Extracted records:
========================================================================

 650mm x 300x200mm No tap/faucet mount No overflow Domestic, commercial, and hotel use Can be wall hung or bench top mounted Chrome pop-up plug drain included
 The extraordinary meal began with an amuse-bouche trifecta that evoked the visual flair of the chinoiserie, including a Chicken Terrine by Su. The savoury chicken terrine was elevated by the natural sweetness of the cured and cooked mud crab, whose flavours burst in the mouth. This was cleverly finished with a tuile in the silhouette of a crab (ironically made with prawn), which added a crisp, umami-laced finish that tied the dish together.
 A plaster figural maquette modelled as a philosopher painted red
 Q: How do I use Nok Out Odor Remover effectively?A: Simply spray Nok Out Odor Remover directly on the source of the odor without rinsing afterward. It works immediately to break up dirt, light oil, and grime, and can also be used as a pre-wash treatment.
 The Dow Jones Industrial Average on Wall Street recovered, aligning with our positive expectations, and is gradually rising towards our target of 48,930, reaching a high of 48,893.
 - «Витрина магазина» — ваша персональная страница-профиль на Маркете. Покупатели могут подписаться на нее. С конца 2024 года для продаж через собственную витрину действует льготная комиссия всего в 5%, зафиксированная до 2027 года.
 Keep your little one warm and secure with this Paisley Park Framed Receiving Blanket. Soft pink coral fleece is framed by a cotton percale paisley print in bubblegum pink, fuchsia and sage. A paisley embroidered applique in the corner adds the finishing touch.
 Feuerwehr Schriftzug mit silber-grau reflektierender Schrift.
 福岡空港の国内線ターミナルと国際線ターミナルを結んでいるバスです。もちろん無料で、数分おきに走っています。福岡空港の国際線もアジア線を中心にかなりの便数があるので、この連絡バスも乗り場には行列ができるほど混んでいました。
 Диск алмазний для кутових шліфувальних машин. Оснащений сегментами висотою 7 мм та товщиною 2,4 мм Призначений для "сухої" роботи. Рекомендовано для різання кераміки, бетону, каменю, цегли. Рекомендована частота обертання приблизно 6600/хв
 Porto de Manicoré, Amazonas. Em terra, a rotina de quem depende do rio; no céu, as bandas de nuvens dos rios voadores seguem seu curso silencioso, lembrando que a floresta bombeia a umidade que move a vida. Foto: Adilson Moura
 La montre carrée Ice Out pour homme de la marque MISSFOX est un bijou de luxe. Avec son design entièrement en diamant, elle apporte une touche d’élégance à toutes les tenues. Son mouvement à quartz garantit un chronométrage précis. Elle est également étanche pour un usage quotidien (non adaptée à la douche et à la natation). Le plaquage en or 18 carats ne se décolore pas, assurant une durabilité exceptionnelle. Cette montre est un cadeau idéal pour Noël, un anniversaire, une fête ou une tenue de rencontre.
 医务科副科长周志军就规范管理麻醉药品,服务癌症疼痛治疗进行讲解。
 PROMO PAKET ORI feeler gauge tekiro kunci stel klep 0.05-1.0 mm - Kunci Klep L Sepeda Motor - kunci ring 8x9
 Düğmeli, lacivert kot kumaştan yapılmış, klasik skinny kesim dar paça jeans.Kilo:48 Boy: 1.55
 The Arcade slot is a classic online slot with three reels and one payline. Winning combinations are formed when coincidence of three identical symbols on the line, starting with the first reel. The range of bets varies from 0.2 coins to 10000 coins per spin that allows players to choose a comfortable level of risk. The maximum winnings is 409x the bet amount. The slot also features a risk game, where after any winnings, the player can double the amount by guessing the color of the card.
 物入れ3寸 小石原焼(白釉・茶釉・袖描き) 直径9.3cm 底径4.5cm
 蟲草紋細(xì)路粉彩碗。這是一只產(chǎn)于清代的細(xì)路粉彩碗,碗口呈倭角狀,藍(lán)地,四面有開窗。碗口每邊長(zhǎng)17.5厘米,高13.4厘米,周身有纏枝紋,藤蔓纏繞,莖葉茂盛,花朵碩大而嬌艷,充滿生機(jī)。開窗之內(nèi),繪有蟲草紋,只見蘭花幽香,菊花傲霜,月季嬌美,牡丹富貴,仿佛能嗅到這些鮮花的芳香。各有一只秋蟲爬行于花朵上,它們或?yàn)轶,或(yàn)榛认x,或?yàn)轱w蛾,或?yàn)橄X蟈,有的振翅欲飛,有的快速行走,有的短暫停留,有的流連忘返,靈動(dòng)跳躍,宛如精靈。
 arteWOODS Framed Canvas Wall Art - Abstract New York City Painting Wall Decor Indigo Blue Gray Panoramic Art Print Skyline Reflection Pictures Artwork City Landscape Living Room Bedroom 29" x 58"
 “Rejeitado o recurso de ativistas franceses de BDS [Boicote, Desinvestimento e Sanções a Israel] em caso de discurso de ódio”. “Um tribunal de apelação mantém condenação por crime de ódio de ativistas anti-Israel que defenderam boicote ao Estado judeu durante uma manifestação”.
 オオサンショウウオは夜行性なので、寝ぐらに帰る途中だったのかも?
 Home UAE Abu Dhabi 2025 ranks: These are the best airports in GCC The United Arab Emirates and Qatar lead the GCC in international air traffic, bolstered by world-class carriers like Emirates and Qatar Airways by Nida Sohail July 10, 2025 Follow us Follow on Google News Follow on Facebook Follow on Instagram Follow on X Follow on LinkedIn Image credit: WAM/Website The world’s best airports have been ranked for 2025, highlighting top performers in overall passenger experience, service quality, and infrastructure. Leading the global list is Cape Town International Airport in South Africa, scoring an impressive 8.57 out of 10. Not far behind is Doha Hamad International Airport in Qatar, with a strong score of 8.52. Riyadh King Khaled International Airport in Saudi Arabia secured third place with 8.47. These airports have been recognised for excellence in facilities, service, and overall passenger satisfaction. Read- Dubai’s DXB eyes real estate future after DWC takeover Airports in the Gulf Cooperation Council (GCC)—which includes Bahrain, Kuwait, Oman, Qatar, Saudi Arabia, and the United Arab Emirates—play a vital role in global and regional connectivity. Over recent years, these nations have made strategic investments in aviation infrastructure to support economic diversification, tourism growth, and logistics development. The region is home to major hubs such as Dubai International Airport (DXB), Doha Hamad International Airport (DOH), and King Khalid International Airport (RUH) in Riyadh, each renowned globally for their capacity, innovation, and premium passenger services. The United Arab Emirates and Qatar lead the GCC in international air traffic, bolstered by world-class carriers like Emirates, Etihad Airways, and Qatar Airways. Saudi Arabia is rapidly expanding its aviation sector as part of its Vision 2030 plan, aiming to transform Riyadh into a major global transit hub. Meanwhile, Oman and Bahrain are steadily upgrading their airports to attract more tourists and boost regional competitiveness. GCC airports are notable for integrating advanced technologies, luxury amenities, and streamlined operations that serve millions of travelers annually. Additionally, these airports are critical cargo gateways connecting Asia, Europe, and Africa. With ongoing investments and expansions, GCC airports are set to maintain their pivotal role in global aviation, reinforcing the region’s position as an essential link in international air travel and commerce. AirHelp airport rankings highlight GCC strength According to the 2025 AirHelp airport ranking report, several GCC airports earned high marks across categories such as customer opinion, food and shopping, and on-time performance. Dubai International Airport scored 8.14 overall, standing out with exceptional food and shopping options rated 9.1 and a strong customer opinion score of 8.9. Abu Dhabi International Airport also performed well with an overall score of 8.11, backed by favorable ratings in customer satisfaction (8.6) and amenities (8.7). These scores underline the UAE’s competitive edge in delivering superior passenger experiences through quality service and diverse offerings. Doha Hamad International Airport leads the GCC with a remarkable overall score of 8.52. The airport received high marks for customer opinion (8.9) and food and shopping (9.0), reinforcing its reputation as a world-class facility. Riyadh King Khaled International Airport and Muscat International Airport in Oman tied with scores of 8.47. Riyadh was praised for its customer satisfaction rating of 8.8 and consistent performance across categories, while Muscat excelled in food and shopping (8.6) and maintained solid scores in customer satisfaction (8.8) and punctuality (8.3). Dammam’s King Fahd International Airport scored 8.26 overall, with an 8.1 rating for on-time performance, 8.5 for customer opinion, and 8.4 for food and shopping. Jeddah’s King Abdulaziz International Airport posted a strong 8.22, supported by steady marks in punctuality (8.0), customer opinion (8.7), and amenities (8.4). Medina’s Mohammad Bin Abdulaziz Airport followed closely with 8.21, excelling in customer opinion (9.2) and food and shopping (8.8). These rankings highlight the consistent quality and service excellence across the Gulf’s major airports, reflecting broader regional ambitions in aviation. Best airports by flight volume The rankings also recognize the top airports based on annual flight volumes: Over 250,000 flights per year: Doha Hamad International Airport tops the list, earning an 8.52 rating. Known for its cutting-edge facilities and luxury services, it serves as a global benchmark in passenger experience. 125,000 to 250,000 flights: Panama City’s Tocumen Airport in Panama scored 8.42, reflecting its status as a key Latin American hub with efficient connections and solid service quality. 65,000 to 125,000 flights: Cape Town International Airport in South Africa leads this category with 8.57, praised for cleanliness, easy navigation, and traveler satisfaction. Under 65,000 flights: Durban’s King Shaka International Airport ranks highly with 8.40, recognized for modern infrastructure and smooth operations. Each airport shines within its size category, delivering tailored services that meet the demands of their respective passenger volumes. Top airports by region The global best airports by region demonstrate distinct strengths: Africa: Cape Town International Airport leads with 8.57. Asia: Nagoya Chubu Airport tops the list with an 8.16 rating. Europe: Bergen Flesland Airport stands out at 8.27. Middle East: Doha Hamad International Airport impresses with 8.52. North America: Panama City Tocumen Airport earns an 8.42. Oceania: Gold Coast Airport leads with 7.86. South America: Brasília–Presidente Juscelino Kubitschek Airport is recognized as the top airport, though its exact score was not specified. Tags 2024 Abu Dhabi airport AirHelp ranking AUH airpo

========================================================================

§ Assignment: What you return should be exactly the lines above, starting at the one with "La montre carrée" and ending at the one with "arteWOODS Framed Canvas", and nothing else.

§ Task answer:
 La montre carrée Ice Out pour homme de la marque MISSFOX est un bijou de luxe. Avec son design entièrement en diamant, elle apporte une touche d’élégance à toutes les tenues. Son mouvement à quartz garantit un chronométrage précis. Elle est également étanche pour un usage quotidien (non adaptée à la douche et à la natation). Le plaquage en or 18 carats ne se décolore pas, assurant une durabilité exceptionnelle. Cette montre est un cadeau idéal pour Noël, un anniversaire, une fête ou une tenue de rencontre.
 医务科副科长周志军就规范管理麻醉药品,服务癌症疼痛治疗进行讲解。
 PROMO PAKET ORI feeler gauge tekiro kunci stel klep 0.05-1.0 mm - Kunci Klep L Sepeda Motor - kunci ring 8x9
 Düğmeli, lacivert kot kumaştan yapılmış, klasik skinny kesim dar paça jeans.Kilo:48 Boy: 1.55
 The Arcade slot is a classic online slot with three reels and one payline. Winning combinations are formed when coincidence of three identical symbols on the line, starting with the first reel. The range of bets varies from 0.2 coins to 10000 coins per spin that allows players to choose a comfortable level of risk. The maximum winnings is 409x the bet amount. The slot also features a risk game, where after any winnings, the player can double the amount by guessing the color of the card.
 物入れ3寸 小石原焼(白釉・茶釉・袖描き) 直径9.3cm 底径4.5cm
 蟲草紋細(xì)路粉彩碗。這是一只產(chǎn)于清代的細(xì)路粉彩碗,碗口呈倭角狀,藍(lán)地,四面有開窗。碗口每邊長(zhǎng)17.5厘米,高13.4厘米,周身有纏枝紋,藤蔓纏繞,莖葉茂盛,花朵碩大而嬌艷,充滿生機(jī)。開窗之內(nèi),繪有蟲草紋,只見蘭花幽香,菊花傲霜,月季嬌美,牡丹富貴,仿佛能嗅到這些鮮花的芳香。各有一只秋蟲爬行于花朵上,它們或?yàn)轶,或(yàn)榛认x,或?yàn)轱w蛾,或?yàn)橄X蟈,有的振翅欲飛,有的快速行走,有的短暫停留,有的流連忘返,靈動(dòng)跳躍,宛如精靈。
 arteWOODS Framed Canvas Wall Art - Abstract New York City Painting Wall Decor Indigo Blue Gray Panoramic Art Print Skyline Reflection Pictures Artwork City Landscape Living Room Bedroom 29" x 58"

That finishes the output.